In an effort to make this site load as fast as possible I’ve been using tools such as YSlow and PageSpeed. These tools analyze your page and give you insights into how to improve the loading speed. Things such as minifying your files, using compression such as deflate or gzip, putting your js includes at the bottom of the page so that everything else loads first, and so on. I’ve done most of these things and have seen some improvement.

The latest tweak I’ve attempted has to do with minifying the html on this site. The site is powered by Octopress and I came across a layout that someone had created, that aims to minify the html code that gets generated. This is something I hadn’t considered. Stripping all white space when generating files seems so simple, yet it reduces, albeit slightly, the whitespace within files and subsequently the file size. You may only gain a few k here and there but when it’s such a simple change, and you see an actual verifiable gain in file size reduction, you might as well implement it.

After a bit more research I came across a well supported plugin for Octopress that does the same thing, but through a gem. You can find the gem here: Octopress Minify HTML. The gem has the added benefit of using an environment variable. When set to production it will compress your html, when set to development it leaves the html alone. This is an excellent way to be able to work on your site, yet keep the site as small as possible in production. I currently have Compass set to only concatenate my CSS in development but for production it also strips all comments and minifies the files.

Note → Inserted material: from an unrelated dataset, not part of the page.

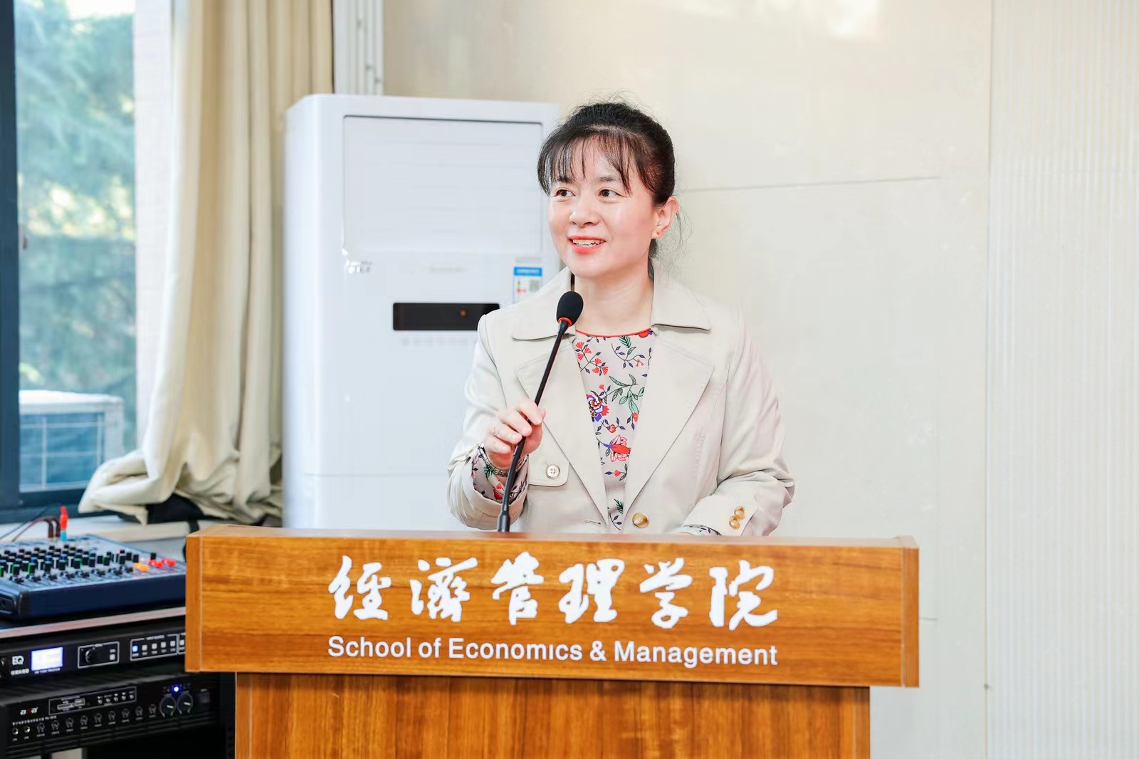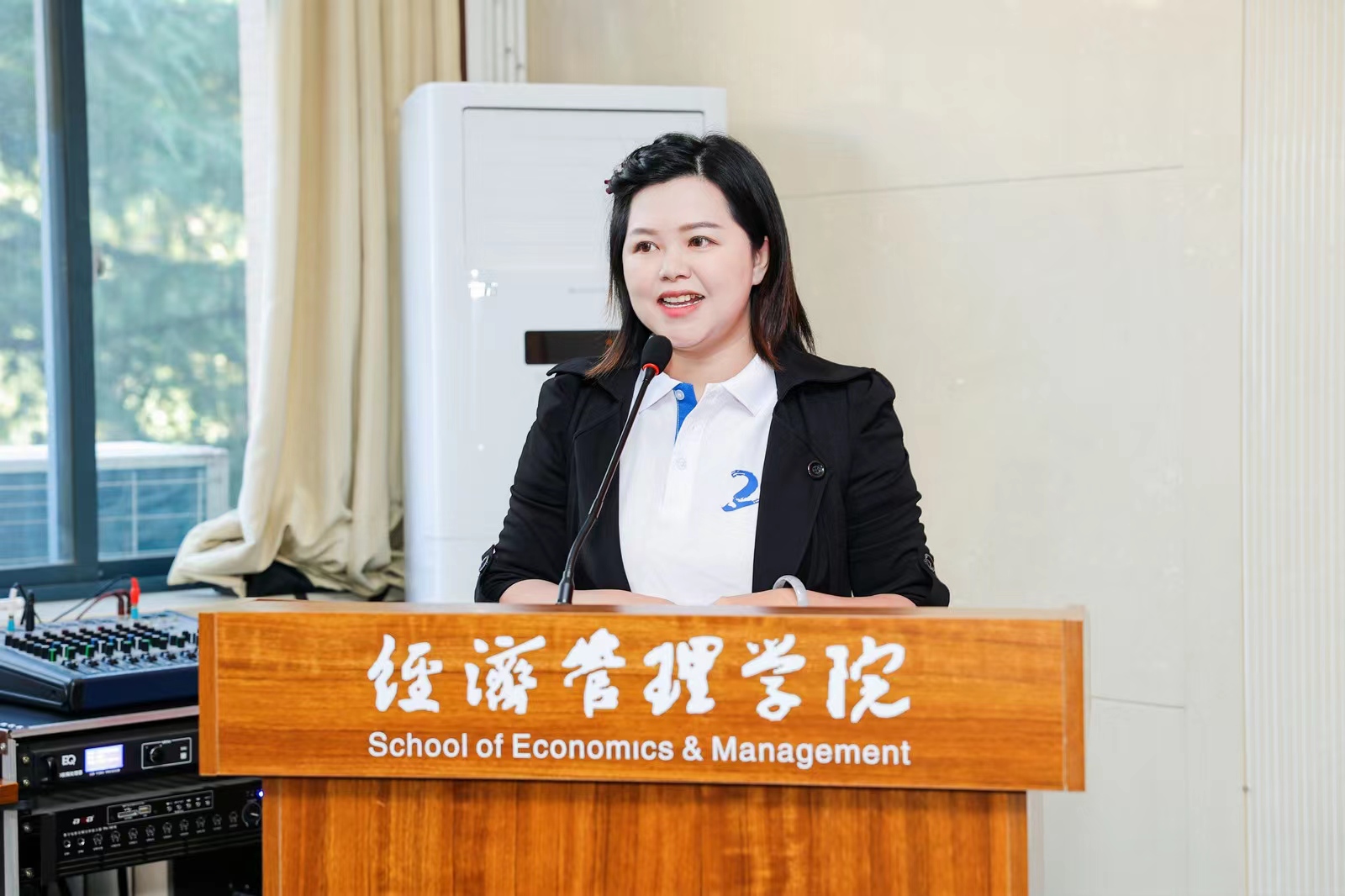 马莉莉经理对员工们返校回家表示热烈的欢迎。她介绍了学院的发展现状和建设成效。她在讲话中提到,以全国最美教师何燕为代表的03级员工以身作则,立足岗位、建功立业,在各行各业取得骄人成绩;员工积极回馈学校学院,先后设立了“攀云”“涛澜”等助学金,助力经管学子奋发学习、勇敢追梦;韩博、魏川、王冠清、张科赞、王哲辉等员工帮助对接多家单位,推进校政、校企合作,助力学院产学研融合、员工发展。最后,她介绍了学院员工工作格局,并期待员工与学院相互赋能、共同发展。

Beyond what we do with the files as far as compression, stripping white space, etc., we need to be able to rely on browsers to properly cache our files. When a user hits the first page, certain things like CSS and JS files should be loaded once and then stored so that any subsequent pages load much quicker. I currently have an issue on this site where that isn’t happening. As stated within PageSpeed: Setting an expiry date or a maximum age in the HTTP headers for static resources instructs the browser to load previously downloaded resources from local disk rather than over the network. I have yet to find a way to do that without having control of the actual server. In the past when I ran my own servers, I could set this up in Apache and I’d also enable gzip or deflate for compression, being careful to NOT enable compression for IE as it couldn’t handle it. Took me two days to discover what was causing my site to crash IE 7 way back when. Had turned on compression without any check for particular browsers. Worked great in Firefox and made a site I was working on much faster, but had the side-effect of actually crashing IE. It’s one thing to not load properly in a particular browser but this actually crashed the browser. Good ol’ IE.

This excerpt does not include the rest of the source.